My first thought was really more of a regret: We should’ve put some pictures up on his walls. There used to be an NFL wide receivers poster but it got taken down when Jordy Nelson got hurt and ruined my fantasy football season. I could’ve looked at that for a while.

Without any visual cues, I was feeling a little lost. And so my brain had to resort to thoughts. They started coming in weird.

I should start collecting something. Old coins maybe?

My dad used to cook artichokes a lot. Why would he do that?

I wonder if I’ll ever even be able to buy a convertible.

My calves aren’t as hairy as they used to be.

Full minutes went by like this. Literally, thoughts were just loose in my head and there was nothing I could do about it.

Theo would be still for a few moments and I’d watch and pray. But then, out of nowhere, he’d blurt out something like, “Did you know snakes eat chickens?” and I’d sink back into my Poang.

It’d go on like this…him lying still, blurting out a random animal fact, him lying still, blurting out a random animal fact… same as every other night but this night, instead of completely ignoring him while playing Candy Crush on my phone, I had to think about the things he blurted out. Because what the hell else was I going to do?
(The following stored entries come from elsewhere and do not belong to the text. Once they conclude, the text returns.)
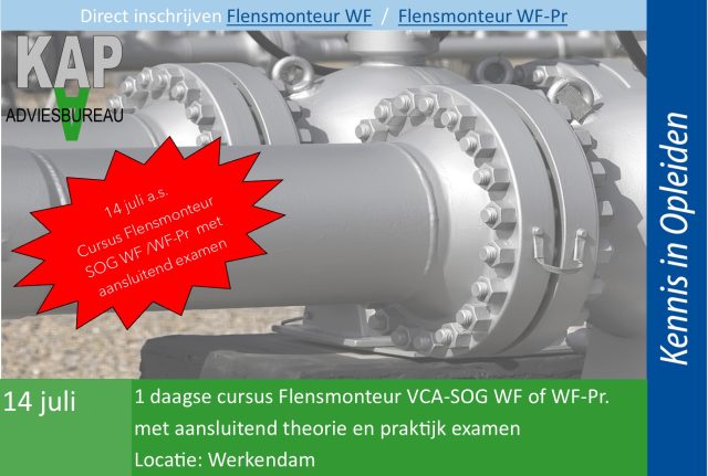 Op 14 juli a.s. organiseren wij in Werkendam een 1-daagse cursus Flensmonteur WF VCA SOG en Flensmonteur volgens protocol WF-Pr VCA SOG met direct aansluitend examen.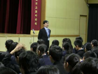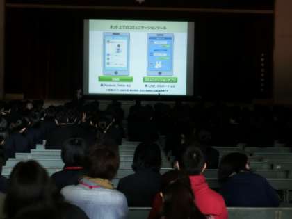 最後に校長先生から生徒たちに、「自分の行動が、加害者にもなり、また、被害者にもなる。スマホやインターネットの使用に当たっては、しっかりと考えてほしい。」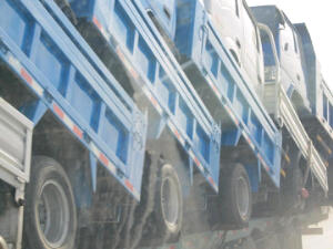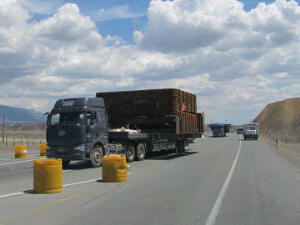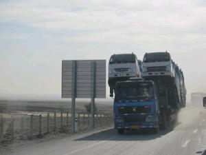 Het is ongelofelijk wat hier over de weg rijdt! Elke keer weer zien we nieuwe grote, brede, hoge en hele lange vrachtwagens! Dat wat in Europa absoluut verboden is, dendert hier gewoon over de weg! Wat er allemaal op vervoerd wordt: scooters, 3 wielersbakkies, auto’s en vandaag zagen we zelfs deze busjes op een vrachtwagen! Wanneer we even niet genieten van het mooie landschap amuseren we ons met wegperikelen!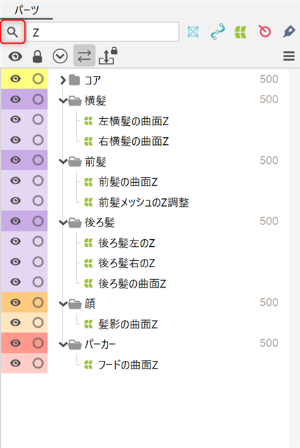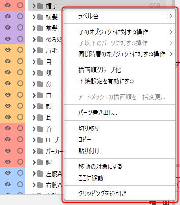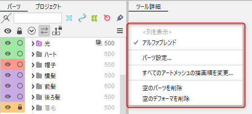 ただし、同じ描画順のアートメッシュについては、パーツパレット内でより上にあるものがキャンバス上でも前面に表示されます。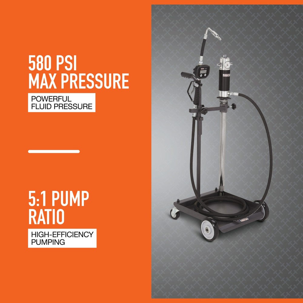 The Ironton Air-Operated 5:1 Oil Pump Kit with Cart is a mobile oil dispensing unit for 13–16-gallon drums. It includes a digital oil control valve and meter, a discharge hose, and a sturdy trolley for easy mobility. Designed for dispensing medium- and high-viscosity oils up to SAE 240, this pump operates at 70–115 PSI with a flow rate of 3.7 GPM, making it ideal for mobile installations or fixed systems at long distances. Ironton Air-Operated 5:1 Oil Pump Kit with Cart, 3.7 GPM, 13–16-Gal. Drum Capacity Northern Tool Item# 58313 Item Weight: 45.0000 lb(s) Manufacturer: Ironton MPN: 1700322 Warranty: 3 month limited warranty. Product Summary: The Ironton Air-Operated 5:1 Oil Pump Kit with Cart is a mobile oil dispensing unit for 13–16-gallon drums. It includes a digital oil control valve and meter, a discharge hose, and a sturdy trolley for easy mobility. Designed for dispensing medium- and high-viscosity oils up to SAE 240, this pump operates at 70–115 PSI with a flow rate of 3.7 GPM, making it ideal for mobile installations or fixed systems at long distances. Payment Instructions You can pay us securely through eBay. All orders will contain an invoice/receipt. IMPORTANT: We will not honor requests to remove invoices or receipts from packages. No exceptions ON U.S. PURCHASES, Northern currently collects sales tax on purchases shipped to all states except: Alaska, Delaware, Montana, New Hampshire, Oregon Shipping Information This product will be shipped by Parcel. Parcel Shipping: Ground Shipped items must be sent to a physical address and cannot be sent to PO boxes. If a PO box address is submitted without a physical address it may delay your order. We cannot ship to APO/FPO boxes. Please note that we do not ship items on weekends or holidays. More information on shipping and handling times can be found on our Store Policies Page . Customer Care We want you to be satisfied with your purchase; please notify us by email if you have any concerns. Before you send an email message, please check our Help Section . We may already have an answer to your question! We are available to answer your email questions Monday through Friday from 8am - 3pm CST, excluding holidays. If your email is sent on a weekend, holiday or after business hours, we will respond to you on the following business day. Returns may be accepted on most items within 30 days of receipt of the item. All returns require authorization from us. Some returns are charged a 15% restocking fee. Please click the Shipping and Payments tab on this item for specific return information and full details. About Our Products Product Warranty: 3 month limited warranty Warranty information and contact details can be found on our Store Policies Page. We are working hard to ensure that the information provided on the eBay product advertisements is accurate and up-to-date. We reserve the right to correct ad errors and/or omissions. Pricing and availability is subject to change without notice. Yes Returns + Shipping FAQ Sales Tax Info Newsletter Sign-Up Pressure Washers Generators Auto Repair Air Tools Fuel ALL Ironton Air-Operated 5:1 Oil Pump Kit with Cart, 3.7 GPM, 13–16-Gal. Drum Capacity Northern Tool Item# 58313 Item Weight: 45.0000 lb(s) Manufacturer: Ironton MPN: 1700322 Warranty: 3 month limited warranty. Product Summary: The Ironton Air-Operated 5:1 Oil Pump Kit with Cart is a mobile oil dispensing unit for 13–16-gallon drums. It includes a digital oil control valve and meter, a discharge hose, and a sturdy trolley for easy mobility. Designed for dispensing medium- and high-viscosity oils up to SAE 240, this pump operates at 70–115 PSI with a flow rate of 3.7 GPM, making it ideal for mobile installations or fixed systems at long distances. Payment Instructions You can pay us securely through eBay. All orders will contain an invoice/receipt. IMPORTANT: We will not honor requests to remove invoices or receipts from packages. No exceptions ON U.S. PURCHASES, Northern currently collects sales tax on purchases shipped to all states except: Alaska, Delaware, Montana, New Hampshire, Oregon Shipping Information This product will be shipped by Parcel. Parcel Shipping: Ground Shipped items must be sent to a physical address and cannot be sent to PO boxes. If a PO box address is submitted without a physical address it may delay your order. We cannot ship to APO/FPO boxes. Please note that we do not ship items on weekends or holidays. More information on shipping and handling times can be found on our Store Policies Page . Customer Care We want you to be satisfied with your purchase; please notify us by email if you have any concerns. Before you send an email message, please check our Help Section . We may already have an answer to your question! We are available to answer your email questions Monday through Friday from 8 - 3 CST, excluding holidays. If your email is sent on a weekend, holiday or after business hours, we will respond to you on the following business day. Returns may be accepted on most items within 30 days of receipt of the item. All returns require authorization from us. Some returns are charged a 15% restocking fee. Please click the Shipping and Payments tab on this item for specific return information and full details. About Our Products Product Warranty: 3 month limited warranty Warranty information and contact details can be found on our Store Policies Page. We are working hard to ensure that the information provided on the eBay product advertisements is accurate and up-to-date. We reserve the right to correct ad errors and/or omissions. Pricing and availability is subject to change without notice. Yes

How does a snake even catch a chicken? Chickens are fast. And all those feathers. I would hate to eat something covered in feathers. Our dogs didn’t eat our chickens, just killed them. But it was before their feathers came in. They were just fuzzy chicks. They were really cute. Damn. I wonder if our kids will have any lasting trauma from all these gruesome pet murders in our house. Roxanne pops into my head…I’d completely forgotten about her. We got Roxanne, a Samoyed puppy, when I was ten. She got out one day not long after we got her, and ran straight down Primrose St. toward busy Connecticut Avenue. I remember running down there, scanning the traffic and finding her laying on the side of road, cars zooming by her. I walked over and picked her up… the look on the drivers’ faces as they drove by…little kid with a fluffy white dead puppy, blood seeping out of her ears, draped across his arms…

Jesus.

“Kate! KATE!! Can I borrow your phone!!!”

“I’m using it!” Kate yells.

“Well, Can I use it?” I yell back.

“I’m lying with Louisa!” She yells.

I look down at Theo. He’s looking up at me, like, ‘see? It sucks, right? Just sitting here? You make me do this every damn night.”

“GET OUT!!!” Louisa yells from her room. George has snuck in to listen to her book. Poor guy…three kids…two parents…always the oldest that gets left out at bedtime. That’s why they become the assholes. It used to be awesome for them. Two parents, each taking turns reading to the one kid. George resents Louisa everyday, perhaps understandably. He’s a very sweet, sensitive kid but he’s a complete dickhead to her 90% of the time. Of all the pains of parenting, this one hurts the most. So far.

Theo’s head is now on my lap. He looks terribly uncomfortable, his body spanning the bottom ledge of his bed and arm of the chair. But he yawns. It’s a heavenly gape. Sweet little guy, getting sleepy. I stroke the hair around his ear. His eyes start to droop. And then they close. All the way. I give it a few minutes, wait for his body to get heavier. It doesn’t, but his eyes stay closed. I wait. I want to get up so bad but I’m so close to getting out of here, I can sit another two minutes to seal the deal. I gently rock the Poang and watch for any REM-like movement of the eyeballs behind the lids. His breathing slows, grows steadier. I detect an ounce or two weight change. Then…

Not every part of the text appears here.